(TASK INPUTS begins)
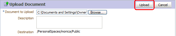 On the Documents page, click the Public folder to select it, then click the Upload document icon as shown:
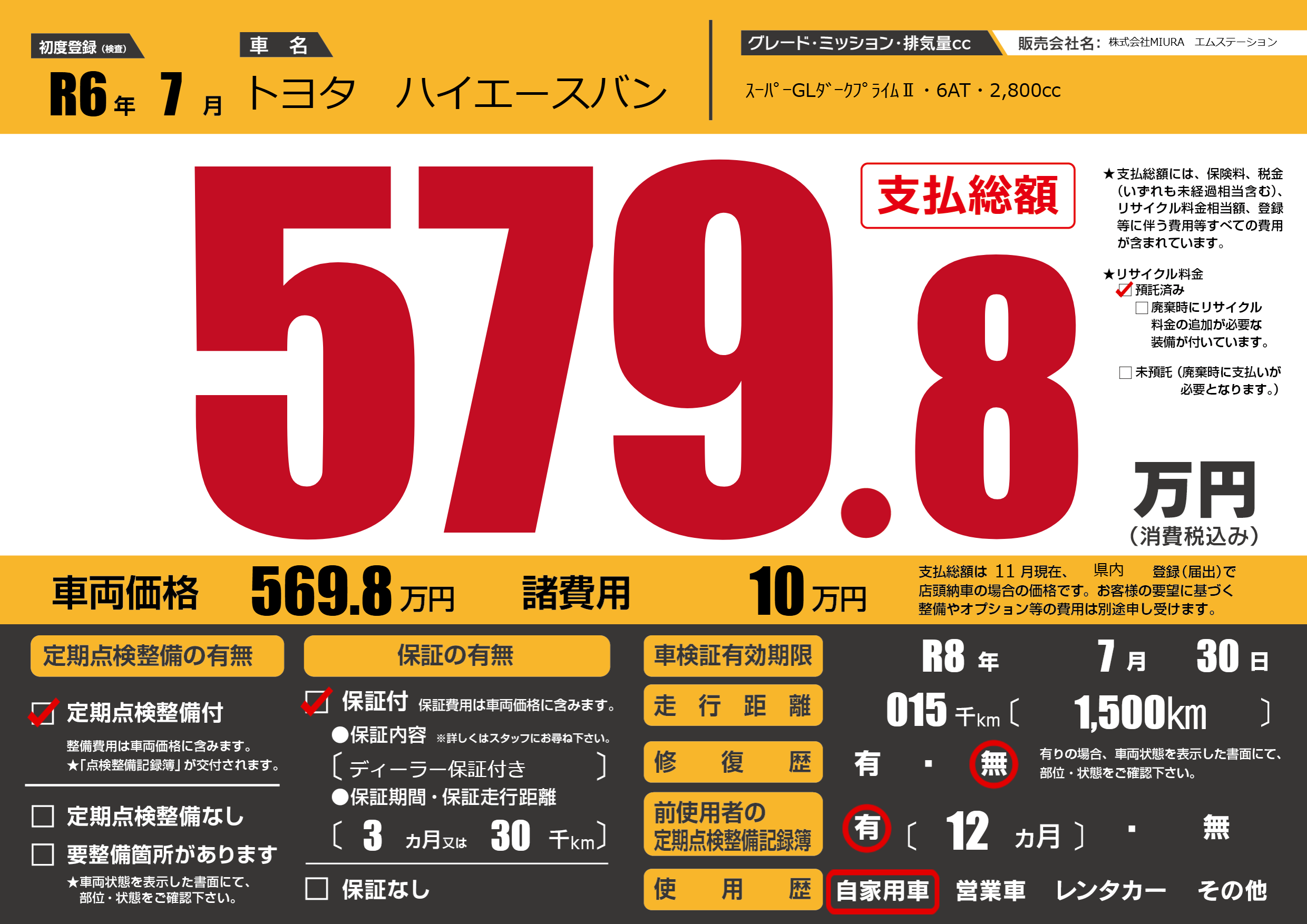 なし | 車検制限 | R8年7月30月 |
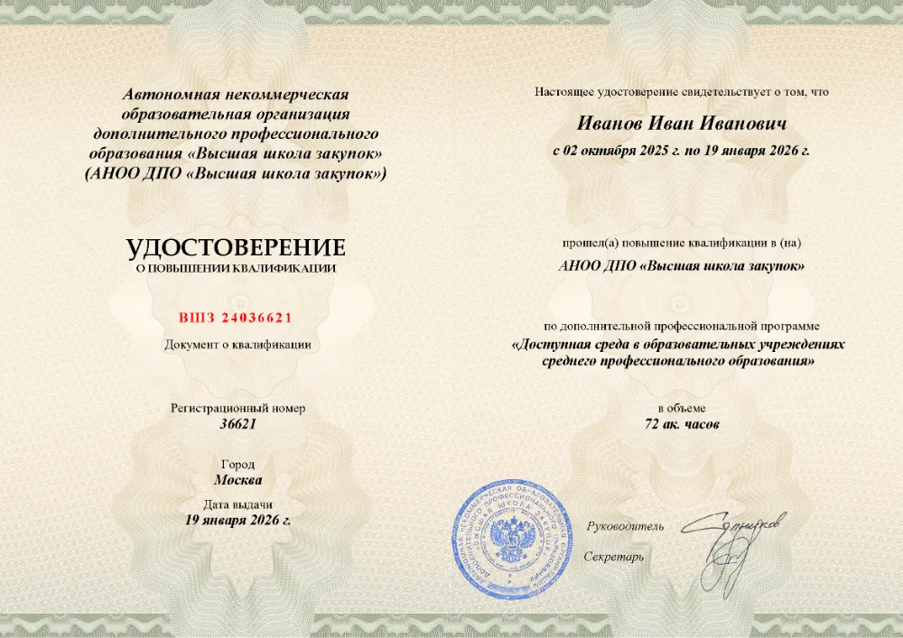 Курс повышения квалификации объемом 72 академических часа разработан для педагогов, руководителей и специалистов СПО, ответственных за инклюзивное обучение. Программа реализуется в дистанционном формате в Анадыре. Учебный план включает изучение законодательной базы инклюзии, регламенты паспортизации инфраструктуры колледжей и техникумов, а также методики взаимодействия с обучающимися, имеющими ОВЗ. Дополнительно рассматриваются вопросы педагогического контроля и эффективного тайм-менеджмента для преподавателей. Аттестация максимально упрощена: онлайн-тест до 10 вопросов без лимита времени и количества заходов (99% успешных сдач с первой попытки). Никаких рефератов и защит работ. Актуальный мониторинг подтверждает, что это наиболее бюджетный вариант обучения в своей нише. Удостоверение оформляется за 1 день, а сведения в реестр ФРДО заносятся непосредственно в день выдачи.
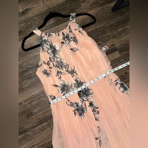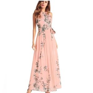 Ruiyige Pink and Grey Formal Sleeveless Maxi Chiffon Halter Neck Vintage Dress
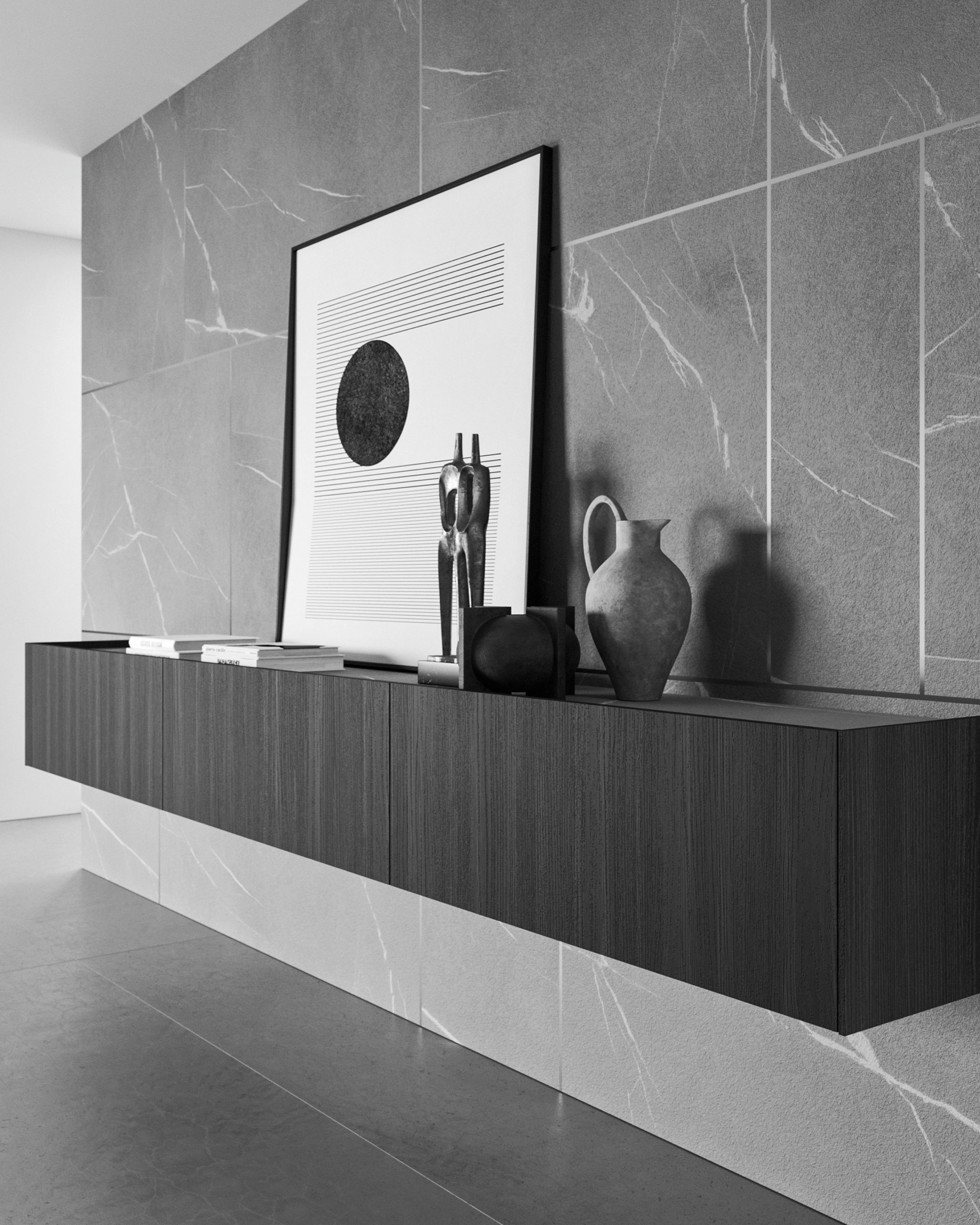 Fulcro del sistema sono i moduli, l'accento stilitisco è dato dalle ante, dalla più classica alla più contemporanea, e dai componenti caratterizzanti, segni che rendono unico lo spazio.
(TASK INPUTS ends)
TASK REQUIREMENTS: Reproduce exactly the lines that run from the line holding "Ruiyige Pink and" through the final line of the entries, and omit every picture.

TASK ANSWER:
 Ruiyige Pink and Grey Formal Sleeveless Maxi Chiffon Halter Neck Vintage Dress
 Fulcro del sistema sono i moduli, l'accento stilitisco è dato dalle ante, dalla più classica alla più contemporanea, e dai componenti caratterizzanti, segni che rendono unico lo spazio.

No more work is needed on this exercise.